Tianjin Medical Journal ›› 2024, Vol. 52 ›› Issue (7): 748-754.doi: 10.11958/20231602

• Clinical Research • Previous Articles     Next Articles

Construction and validation of a risk prediction model for bronchopulmonary dysplasia based on early platelet-related parameters

XUE Yuheng(), MAO Ning, LIU Wenqiang, YANG Qianqian, XU Yan, WANG Jun()   
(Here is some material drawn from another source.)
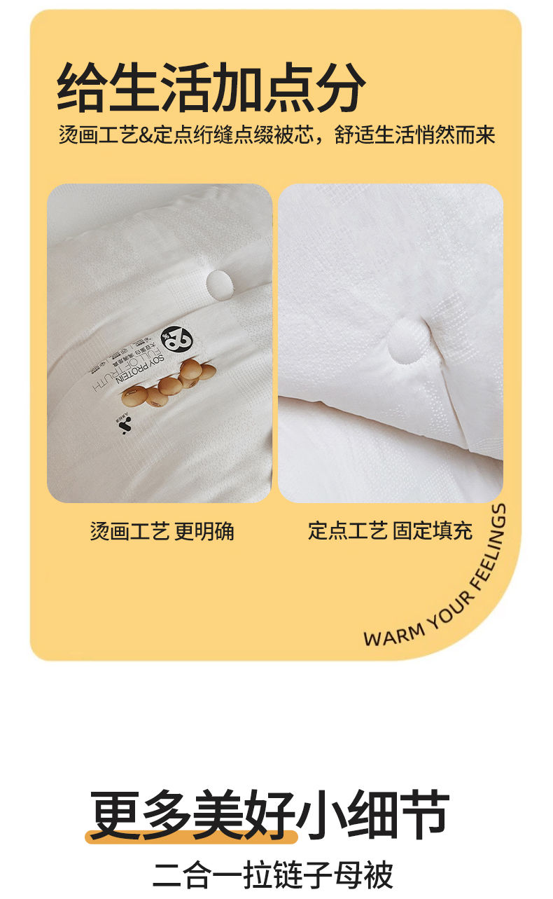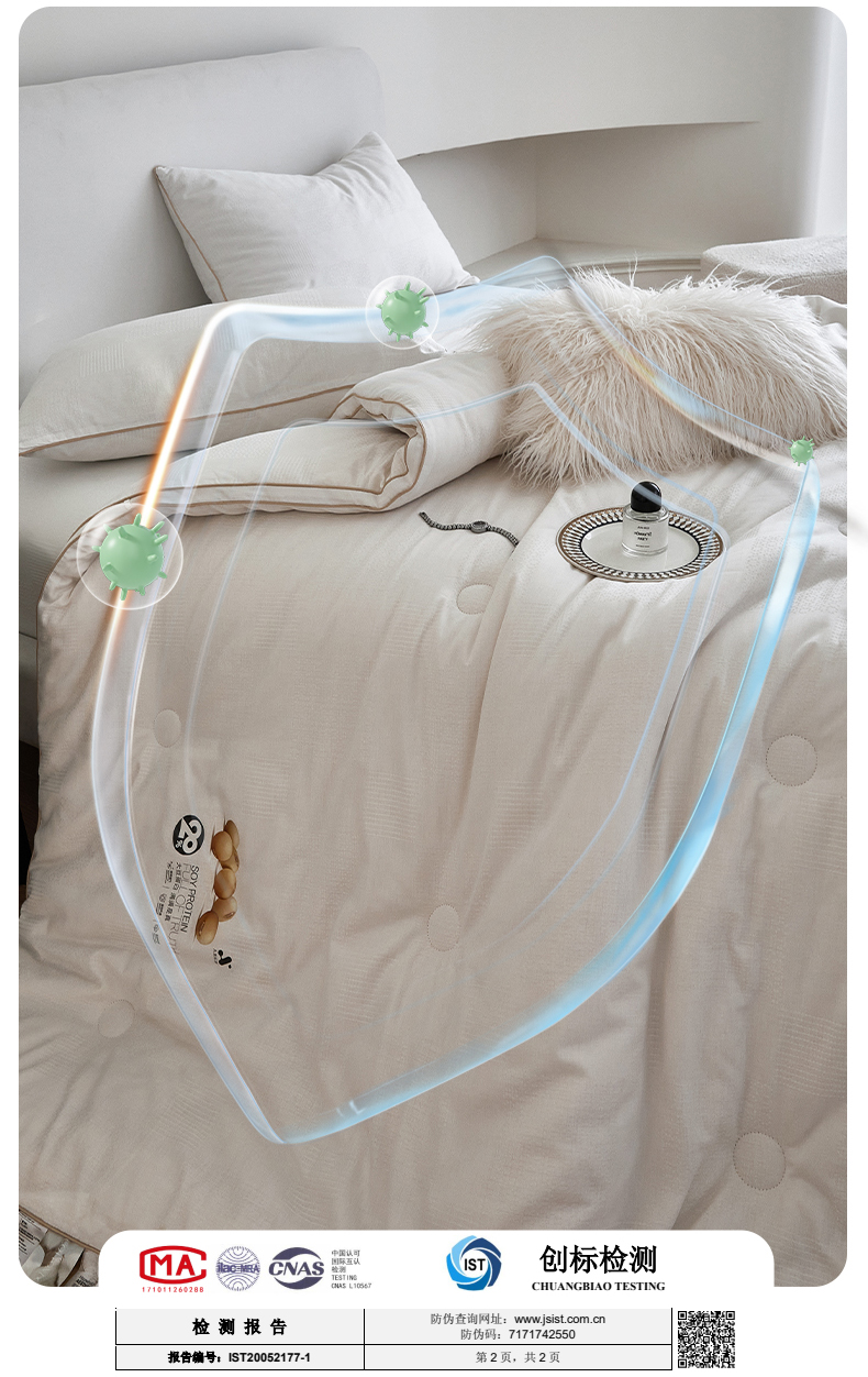 • 填充纤维种类: 大豆蛋白改性聚酯纤维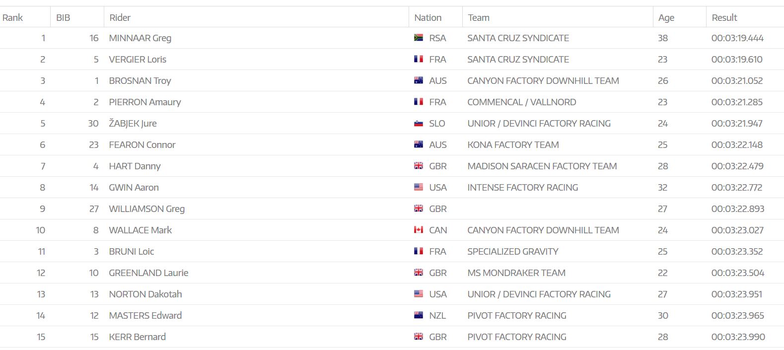 Greg Minnaar is back ! Après une saison blanche l’année dernière suite à sa blessure au bras, le Sud-Africain remporte ces qualifications d’un cheveu devant son coéquipier du Santa Cruz Syndicate, Loris Vergier (+0,16 s). C’est l’Australien Troy Brosnan, actuel leader de la coupe du monde, qui prend la troisième place, suivi de près par Amaury Pierron.

  1. Department of Neonatology, the Affliated Hospital of Xuzhou Medical University, Xuzhou 221000, China
  • Received:2023-10-25 Revised:2023-12-26 Published:2024-07-15 Online:2024-07-11
  • Contact: E-mail:664586331@qq.com

Abstract:

Objective To develop and validate a risk prediction model based on early platelet-related parameters for bronchopulmonary dysplasia (BPD) in neonates admitted to the neonatal intensive care unit (NICU), and to facilitate early identification and intervention in high-risk populations. Methods Clinical data of 291 preterm infants with a gestational age (GA) ≤32 weeks or a birth weight (BW) <1 500 g, admitted to the NICU, were retrospectively analyzed. Out of these, 214 cases were selected as the modeling group. This group was further categorized into the BPD group (n=76) and the non-BPD group (n=138), based on whether they required oxygen therapy at 28 days post-birth. Perinatal data, platelet-related parameters and other indicators between the two groups. Univariate and multivariate Logistic regression analyses were conducted to identify BPD risk factors, followed by the construction of a nomogram. An additional cohort of 105 preterm infants with GA≤32 weeks or BW<1 500 g, were used to validate the model. This cohort was divided into the BPD group (n=43) and the non-BPD (n=62) group. Receiver operating characteristic (ROC) curve and calibration curve were used to internally verify the efficiency of the prediction model. Results The Logistic regression analysis identified GA, BW, Apgar score at 5 minutes≤7, invasive ventilation, platelet count (PLT) and mean platelet volume (MPV) as significant factors in the model (P<0.05). The constructed nomogram was formulated using R language, and the areas under the ROC curve (AUC) for the three models were 0.908, 0.931 and 0.918, respectively (P<0.05). The verification group was verified by Bootstrap. The calibration curve showed a good fit. The internal validation AUC values of the three models were 0.877, 0.890 and 0.886, respectively. Conclusion GA, BW, invasive ventilation, Apgar score at 5 minutes≤7, MPV and PLT are key risk factors for BPD onset. The risk prediction model based on these indicators can effectively predict BPD, providing clinicians with a valuable tool for early detection and intervention in the development of BPD.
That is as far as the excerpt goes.